Case Report
Copyright ©The Author(s) 2003. Published by Baishideng Publishing Group Inc. All rights reserved.
World J Gastroenterol. Dec 15, 2003; 9(12): 2873-2875
Published online Dec 15, 2003. doi: 10.3748/wjg.v9.i12.2873
Bouveret’s syndrome complicated by a distal gallstone Ileus
Rasim Gencosmanoglu, Resit Inceoglu, Caglar Baysal, Sertac Akansel, Nurdan Tozun
Rasim Gencosmanoglu, Unit of Surgery, Marmara University Institute of Gastroenterology, Istanbul, Turkey
Resit Inceoglu, Department of General Surgery, Marmara University School of Medicine, Istanbul, Turkey
Resit Inceoglu, Unit of General Surgery, Acibadem Hospital, Istanbul, Turkey
Caglar Baysal, Nurdan Tozun, Unit of Gastroenterology, Acibadem Hospital, Istanbul, Turkey
Sertac Akansel, Unit of Radiology, Acibadem Hospital, Istanbul, Turkey
Nurdan Tozun, Sub-department of Gastroenterology, Marmara University School of Medicine, Istanbul, Turkey
Author contributions: All authors contributed equally to the work.
Correspondence to: Rasim Gencosmanoglu, M.D., Unit of Surgery, Marmara University Institute of Gastroenterology, Basibuyuk, Maltepe, PK: 53, TR-81532, Istanbul, Turkey. rgencosmanoglu@marmara.edu.tr
Telephone: +90-216-383-3057 Fax: +90-216-399-9912
Received: August 11, 2003
Revised: September 10, 2003
Accepted: October 12, 2003
Published online: December 15, 2003
Abstract

AIM: Gastric outlet obstruction caused by duodenal impaction of a large gallstone migrated through a cholecystoduodenal fistula has been referred as Bouveret’s syndrome. Endoscopic lithotomy is the first-step treatment. However, surgery is indicated in case of failure or complication during this procedure.

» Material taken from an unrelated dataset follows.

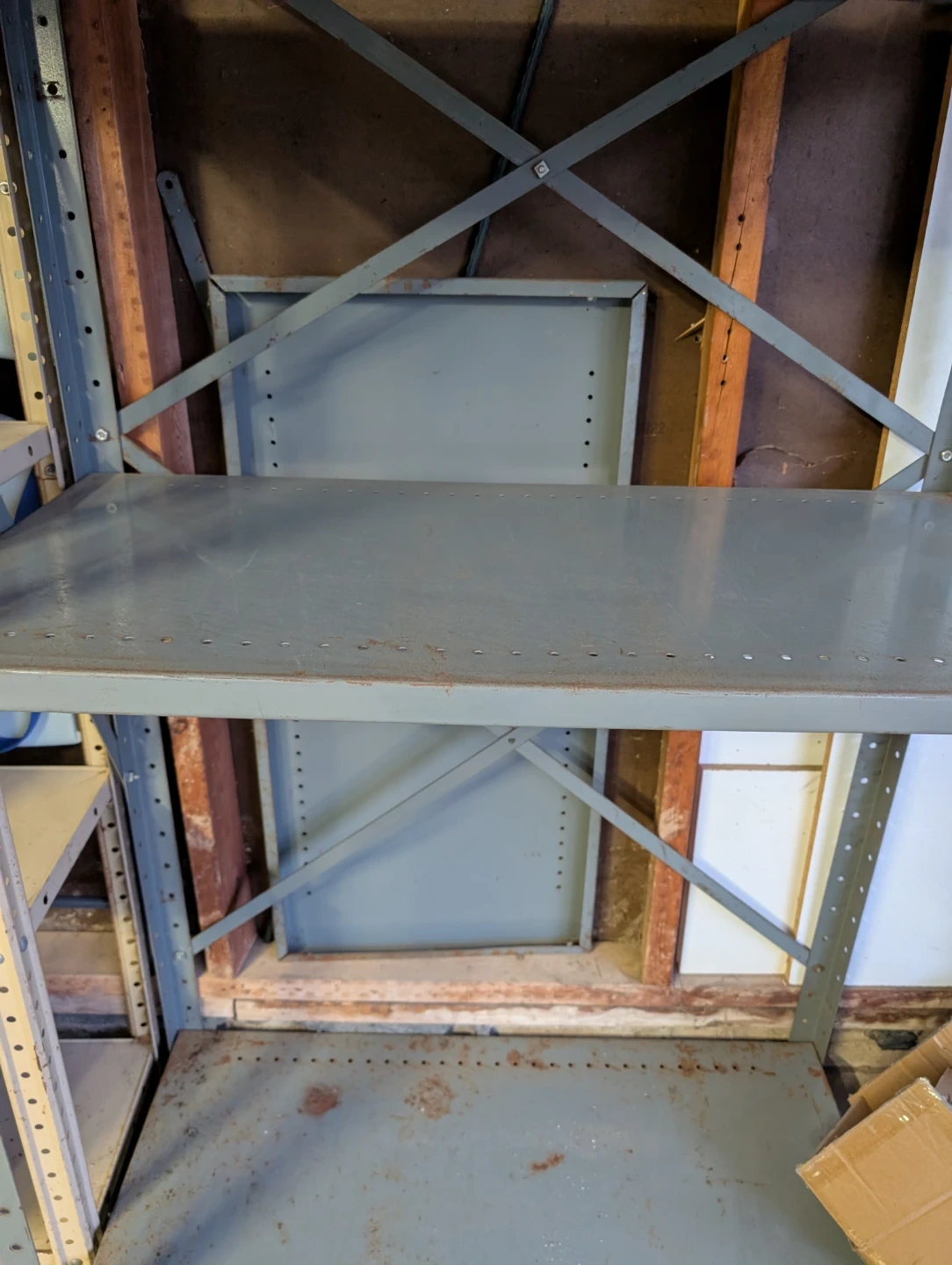 Selling a sturdy and tall metal garage shelving unit! It's perfect for organizing your tools, storage bins, or anything else you need to keep tidy in your garage or workshop. It has some signs of use, but is still very functional
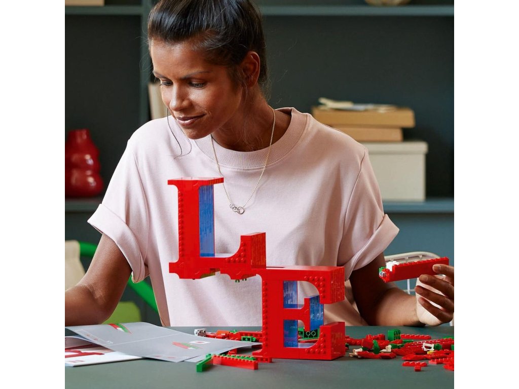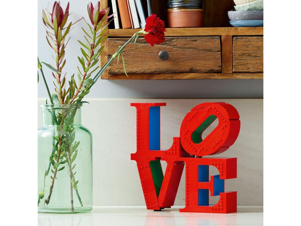 - Darčeková stavebnica pre zaľúbených – Vytvorte si vlastnú malú verziu slávnej sochy LOVE od Roberta Indianu s touto stavebnicou LEGO® Art pre dospelých

METHODS: We report herein an 84-year-old woman presenting with features of gastric outlet obstruction due to impacted gallstone. She underwent an attempt of endoscopic retrieval which was unsuccessful and was further complicated by distal gallstone ileus. Physical examination was irrelevant.

RESULTS: Endoscopy revealed multiple erosions around the cardia, a large stone in the second part of the duodenum causing complete obstruction, and wide ulceration in the duodenal wall where the stone was impacted. Several attempts of endoscopic extraction by using foreign body forceps failed and surgical intervention was mandatory. Preoperative ultrasound evidenced pneumobilia whilst computerized tomography showed a large stone, 5 × 4 × 3 cm, logging at the proximal jejunum and another one, 2.5 × 2 × 2 cm, in the duodenal bulb causing closed-loop syndrome. She underwent laparotomy and the jejunal stone was removed by enterotomy. Another stone reported as located in the duodenum preoperatively was found to be present in the gallbladder by intraoperative ultrasound. Therefore, cholecystoduodenal fistula was broken down, the stone was retrieved and cholecystectomy with duodenal repair was carried out. She was discharged after an uneventful postoperative course.

CONCLUSION: As the simplest and the least morbid procedure, endoscopic stone retrieval should be attempted in the treatment of patients with Bouveret’s syndrome. When it fails, surgical lithotomy consisting of simple enterotomy may solve the problem. Although cholecystectomy and cholecystoduodenal fistula breakdown is unnecessary in every case, conditions may urge the surgeon to perform such operations even though they carry high morbidity and mortality.